**Recorded data:**
[Start of section]

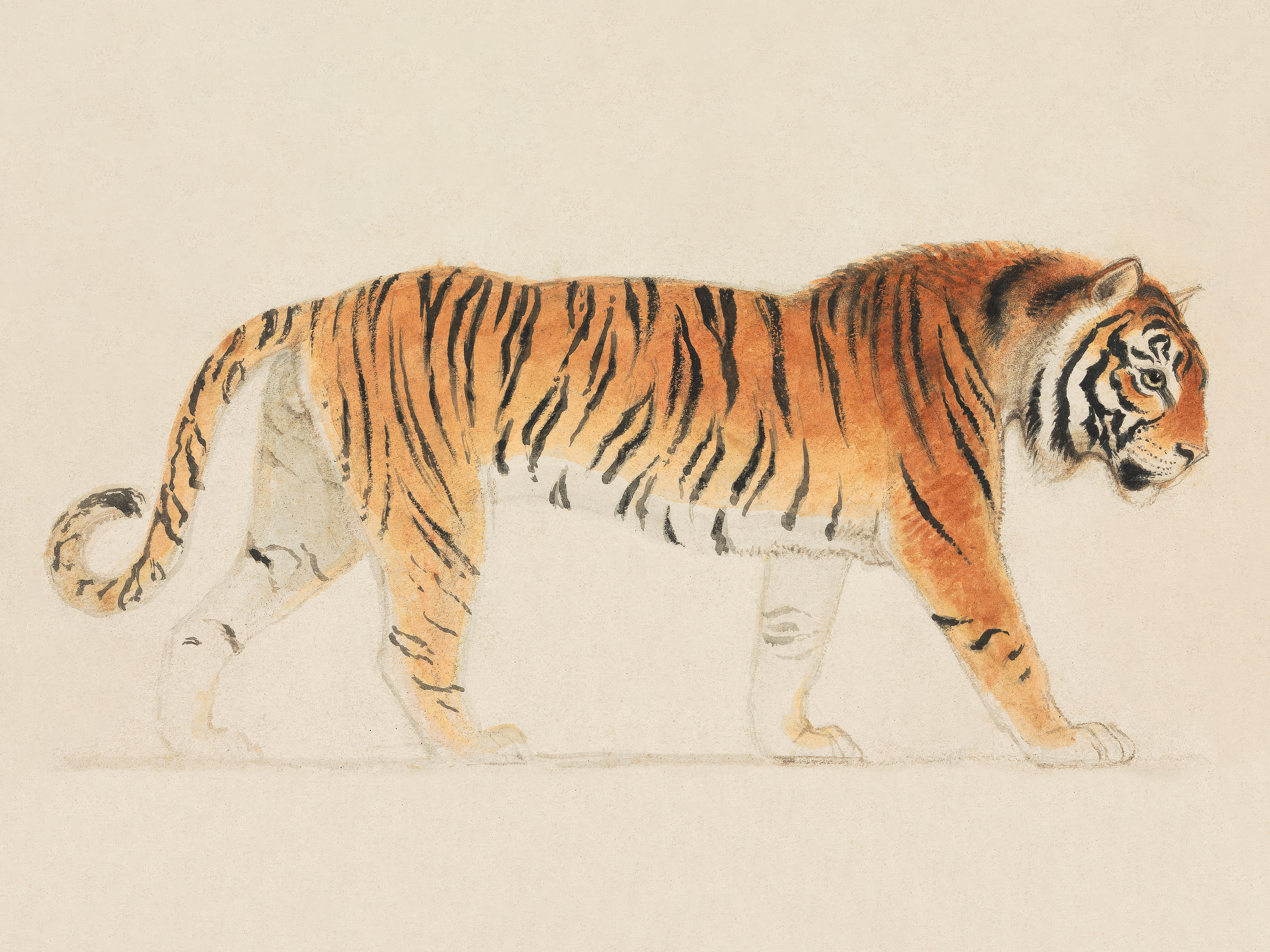 From $15.57A print of a tiger walking to the right with orange fur, black stripes, and a white belly. The detailed illustration shows the tiger's face, curled tail, and strong legs against a plain beige background.
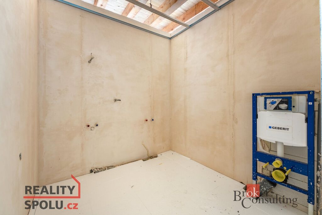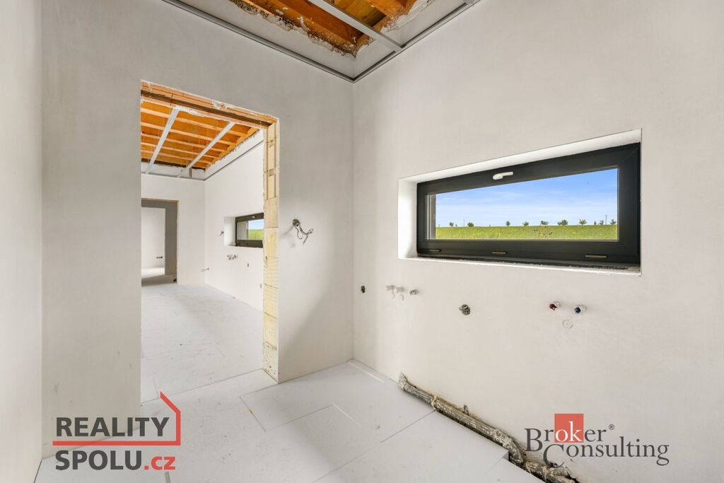 Stavba je navržena s ohledem na moderní energetická řešení – počítá s vytápěním prostřednictvím teplovodního podlahového systému napojeného na tepelné čerpadlo vzduch–voda a také s instalací fotovoltaické elektrárny. Dokončení domu je plně ve Vašich rukou – finální řešení technologií a vybavení bude záležet na novém majiteli. O možnostech a aktuálním stavu Vám rádi řekneme víc při osobní prohlídce.
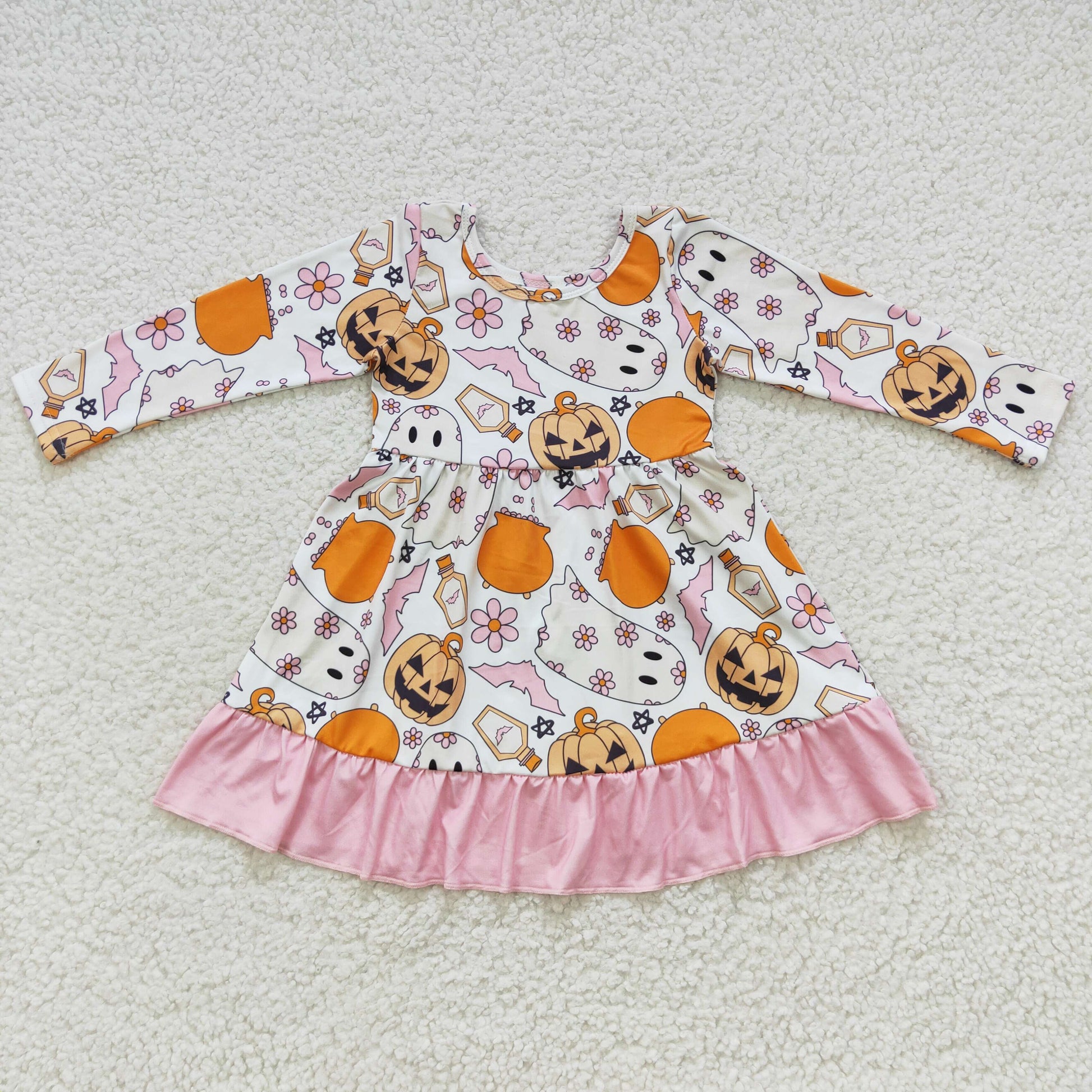 GLD0244 Baby Girl Long Sleeves Halloween Ghost Pumpkin Floral Dress
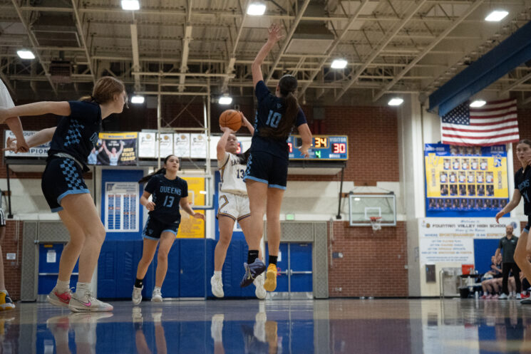 Senior Kailey Nishi shoots a three pointer. Photo by Justin Nguyen.

[End of section]

**Exercise goal:**
Repeat the listing verbatim, pictures excluded.

**Result of the exercise:**
 From $15.57A print of a tiger walking to the right with orange fur, black stripes, and a white belly. The detailed illustration shows the tiger's face, curled tail, and strong legs against a plain beige background.
 Stavba je navržena s ohledem na moderní energetická řešení – počítá s vytápěním prostřednictvím teplovodního podlahového systému napojeného na tepelné čerpadlo vzduch–voda a také s instalací fotovoltaické elektrárny. Dokončení domu je plně ve Vašich rukou – finální řešení technologií a vybavení bude záležet na novém majiteli. O možnostech a aktuálním stavu Vám rádi řekneme víc při osobní prohlídce.
 GLD0244 Baby Girl Long Sleeves Halloween Ghost Pumpkin Floral Dress
 Senior Kailey Nishi shoots a three pointer. Photo by Justin Nguyen.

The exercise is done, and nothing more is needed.